🐾 WEEK 9 🐶 Week 8: Teenage Gundogs – Working in the Moment 🐶

For dogs like Griff at 19 months, it’s important to remember: this isn’t about reviewing past learning or expecting future potential.

Teenage Gundogs – Navigating the Adolescent Dip

If your once-obedient youngster has suddenly “forgotten” every cue you’ve taught them, you’re not alone — you’ve entered the adolescent phase. Between roughly 8–24 months, young gundogs go through major hormonal, cognitive, and emotional changes. This period can feel chaotic, but it’s a natural stage of development.

For dogs like Griff at 19 months, it’s important to remember: this isn’t about reviewing past learning or expecting future potential — it’s very much about what the dog is doing right now, in the moment. Training must respond to the dog you have today.

Understanding the Adolescent Phase

During adolescence, you may see:

  • Inconsistent responses to cues

  • Increased independence and exploration

  • “Selective hearing” or sudden disobedience

  • Impulsivity, excitement, or over-arousal

  • Reduced tolerance for frustration

This isn’t stubbornness — it’s normal development. Your role is to adapt your expectations and support your dog through this change, rather than pushing for perfection.

Why Adjusting Expectations Matters

The phrase I always come back to is:
➡️ Work with the dog you have at that moment, not the dog you had yesterday or the dog you will have tomorrow.

For adolescent dogs, learning is in the present, not in the past or future. Some days your dog might deliver beautifully; other days they seem to have forgotten everything. Both are normal.

During this stage we must:

  • Reduce pressure

  • Lower criteria for success

  • Reinforce heavily for small wins

  • Keep sessions short

  • Avoid comparisons to past performance

Think of adolescence as maintenance mode, not mastery mode — the goal is steady support, not perfection.

Supportive Training for Teenagers

Here’s what helps your adolescent gundog thrive:

1. Short, positive bursts of training
Two minutes of consistent success is better than twenty minutes of frustration.

2. Movement-based learning
Hunting games, heelwork, and simple memory retrieves provide structure without overloading their brain.

3. Calm cue reinforcement
Revisit basic sits, waits, and recalls in low-distraction areas before gradually increasing difficulty.

4. Controlled freedom
Use long lines or safe open spaces so the dog can explore while remaining under supervision.

5. Emotional regulation
Teach calmness as a behaviour: settle on a mat, chew slowly, or pause calmly after excitement.

Griff’s Example

At 19 months, Griff often “forgets” basic cues like sit, stay, or heelwork. Some sessions are brilliant; others feel chaotic. The key isn’t scolding or pushing harder — it’s meeting him where he is in that moment and supporting him calmly.
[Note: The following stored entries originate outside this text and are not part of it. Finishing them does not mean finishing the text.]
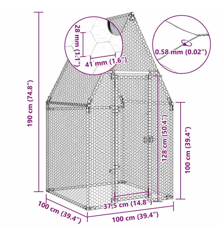 この実用的で広々とした鶏小屋は、鶏、雌鶏、アヒル、その他の小動物を屋外で飼育するためのぴったりな選択肢であり、快適に過ごせます。耐久性と頑丈さを兼ね備えたフレーム:この鶏小屋は亜鉛メッキ鋼で作られています。鋼は非常に硬く、強度の高い素材です。頑丈さと安定性を備えています。亜鉛メッキは耐腐食性に優れており、屋外や過酷な環境で使用される製品に適しています。十分な活動スペース:この鶏小屋は、鶏が楽に歩き回れる十分な活動スペースを提供します。また、鳥、ウサギ、アヒル、ガチョウなどの小動物の飼育にも適しています。さらに安心:この鶏小屋のヒンジドアにはロック可能なラッチシステムが搭載されており、鶏の安全をさらに確保します。
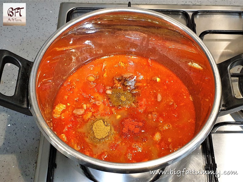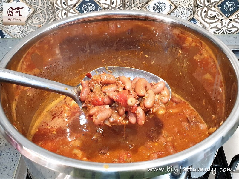 Step 5: Your beans will also have cooked by now. Open the pressure cooker and add the sausage mixture to the beans. Mix and add the powdered masalas. Mix again and bring to a boil on medium heat.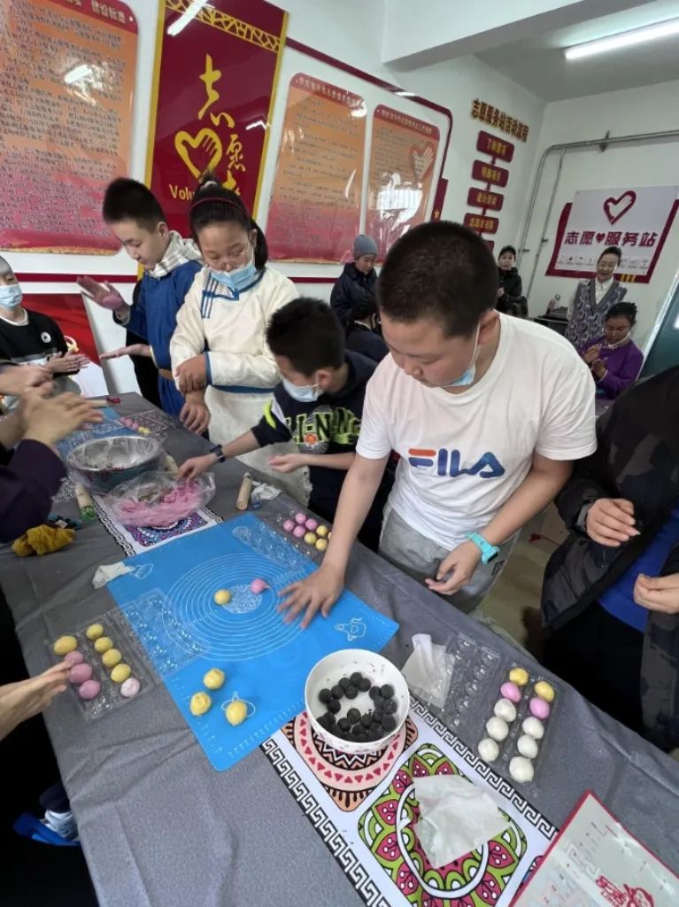 活动最后,社教老师还带领同学们一起制作了象征团圆美满的汤圆。大家认真搓匀揉团,热情洋溢、分工协作、默契配合、其乐融融,很快一排排圆滚滚、胖乎乎的多彩汤圆摆满了桌面,每一位同学们脸上都洋溢着幸福的笑容。

By doing this, you help the dog maintain confidence and develop independence, steadiness, and emotional resilience.

The Gift of the Adolescent Phase

Adolescence teaches both handler and dog:

  • Patience

  • Flexibility

  • Humour

  • Perspective

Your dog learns:

  • Emotional regulation

  • Resilience

  • That training is predictable, safe, and positive

The teenage phase isn’t a setback — it’s an opportunity to strengthen your partnership and set the foundation for confident adult gundog behaviour.